- _The problem_
The line containing "Lækker Petites Pommes" and each line after it, through the final line of the data, are to be retyped exactly, with pictures left out.

- _Supplied information_
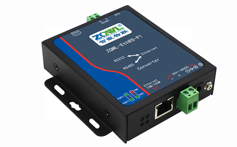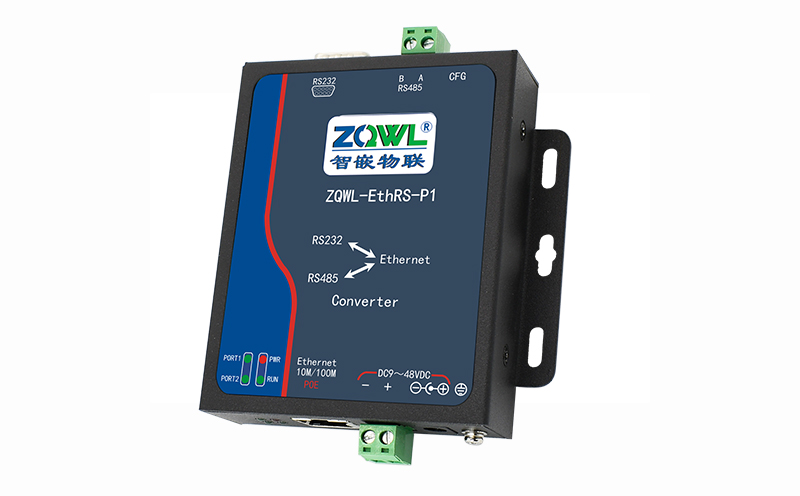 智嵌物联自主研发的串口服务器 ZQWL-EthRS-P1,具有 1 路网口、一路 RS485、一路 RS232 接口。支持标准 POE供电(802.3af),一根网线即可兼备数据传输和供电的双重能力。CPU 采用全新 ARM Cortex-M4 内核,内部集成了TCP/IP 协议栈,可实现串口到以太网口数据的双向透明传输、ModBus 协议转换等功能。设备通过简单的配置,即可轻松实现串口设备的联网、上云等功能。广泛应用于机房监控、智慧农业、环境监控、智能交通、道闸制、智能快递柜等行业。
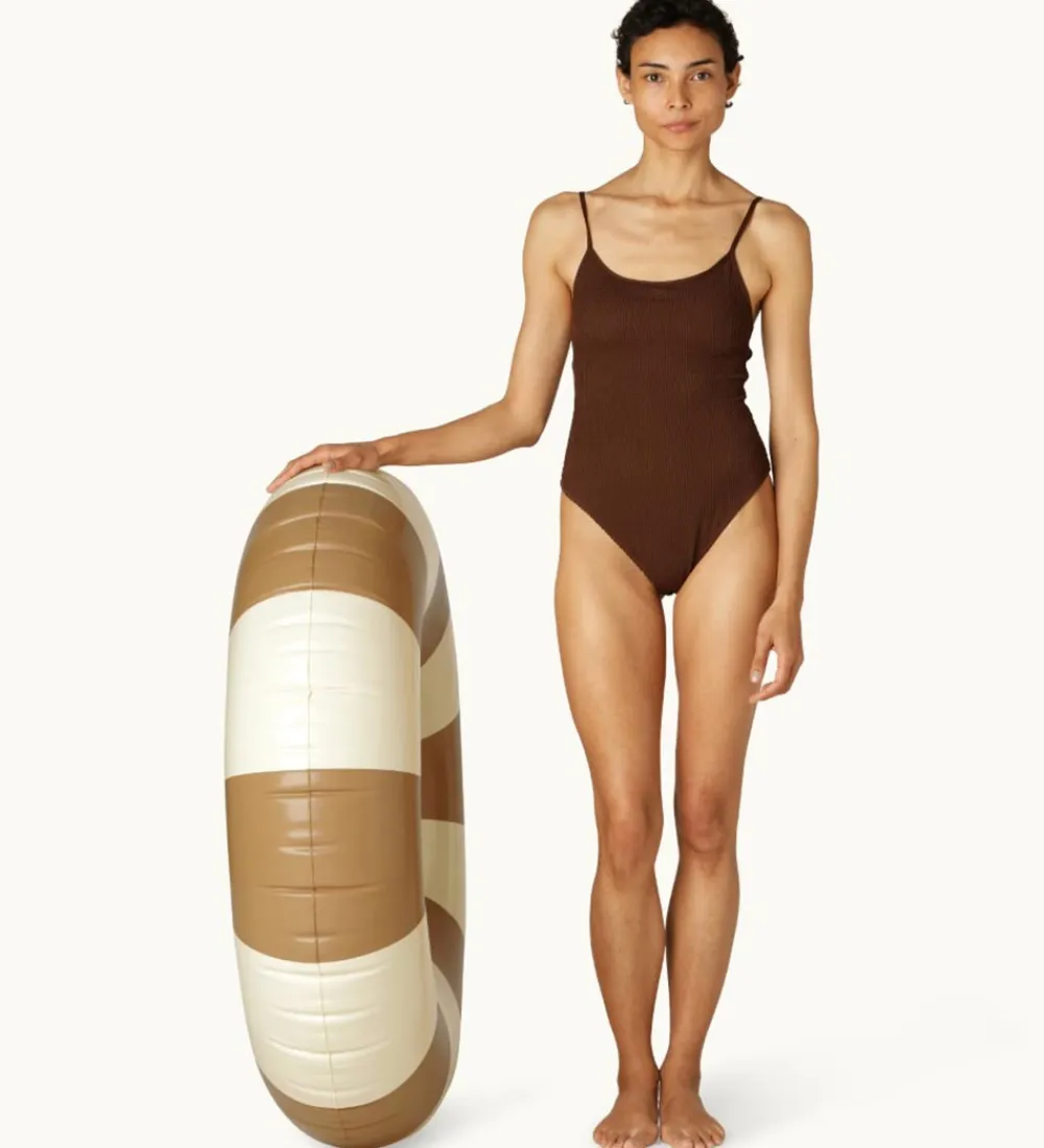 Lækker Petites Pommes badering i et stribet design med cremehvide og karamelbrune farver.
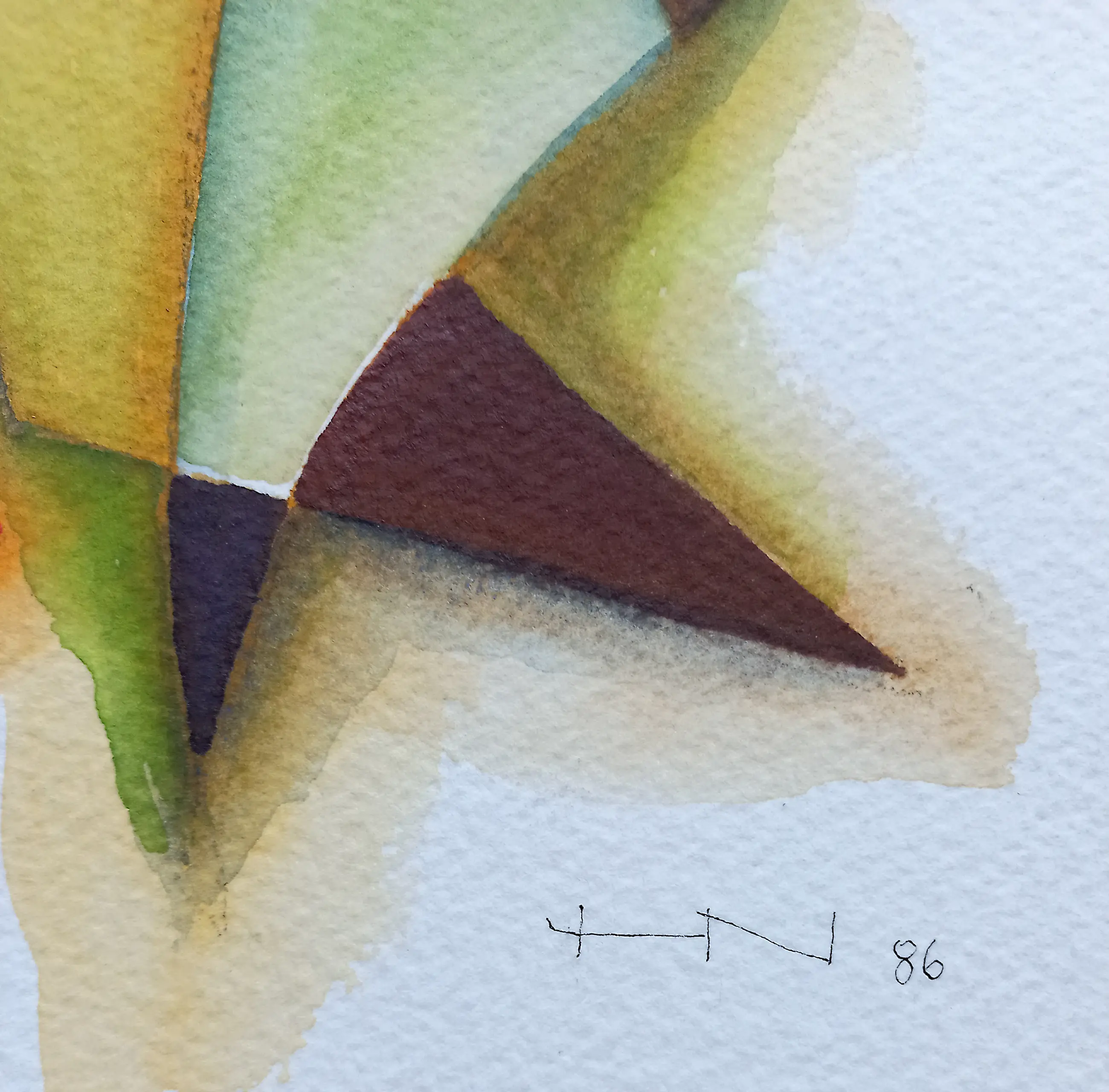 Prachtige compositie van de Duitser Heinrich Neuy, één van de jongste Bauhaus kunstenaars. Aquarel op stijf aquarelpapier, gemonogrammeerd en gedateerd (’86) rechtsonder, in uitstekende conditie. Deze aquarel komt met twee boekjes: “Der Bauhausmaler Heinrich Neuy” (1986, handgesigneerd en genummerd (27/30)) en “Heinrich Neuy - Bauhaus - Der Weg zur abstrakten Malerei” (1984).

- _Expected output_
 Lækker Petites Pommes badering i et stribet design med cremehvide og karamelbrune farver.
 Prachtige compositie van de Duitser Heinrich Neuy, één van de jongste Bauhaus kunstenaars. Aquarel op stijf aquarelpapier, gemonogrammeerd en gedateerd (’86) rechtsonder, in uitstekende conditie. Deze aquarel komt met twee boekjes: “Der Bauhausmaler Heinrich Neuy” (1986, handgesigneerd en genummerd (27/30)) en “Heinrich Neuy - Bauhaus - Der Weg zur abstrakten Malerei” (1984).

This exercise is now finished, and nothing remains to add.